The Loyalty of Peeguk
PEEGUK, the Flat-footed One, lived, when he was at home, not a thousand miles from Fort Herschell, and for the Arctic this is a fairly close address, from which he would be easily found by one who knew the country. Fort Herschell is, as all the world knows, a mass of rock as big as two or three English counties, and situate not a great way from the mouth of the Coppermine River. It is wind-whipped, storm-smitten, and ice-blistered, and, in the short-lived summer, occasionally warm. The Fort — though there is no fort — is the farthest-north spot where abide representatives of law and order.

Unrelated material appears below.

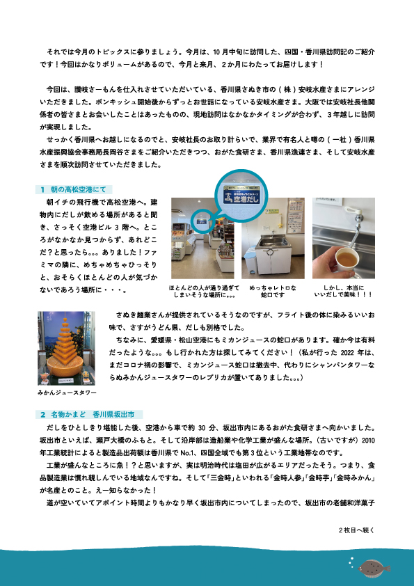 それでは今月のトピックスに参りましょう。今月は、10月中旬に訪問した、四国・香川県訪問記のご紹介です!今回はかなりボリュームがあるので、今月と来月、2か月にわたってお届けします!

Peeguk’s very mobile headquarters were on the mainland. Sometimes he found it rather lonely, and this in spite of the fact that his joys and sorrows were shared by Oomgah, the Moonfaced One. There was never any shortage of food. White whales, for instance, came ashore every now and then in summer, and as soon as Peeguk saw that they were firmly wedged among the rocks he would move his topek — or, rather, Oomgah moved it — to the nearest point, and the whale furnished a free lunch counter from which, perhaps for weeks, they carved lean and fat as their leisurely fancy desired. By night the white bears came along to help themselves, and after them the lesser fry of the curved-clawed, shortfurred, sharp-toothed family. Under this combined assault the whale, which weighed only from twelve to fifteen tons, did not last very long. But all was quite amicable, with the rules of precedence mutually remembered and recognized.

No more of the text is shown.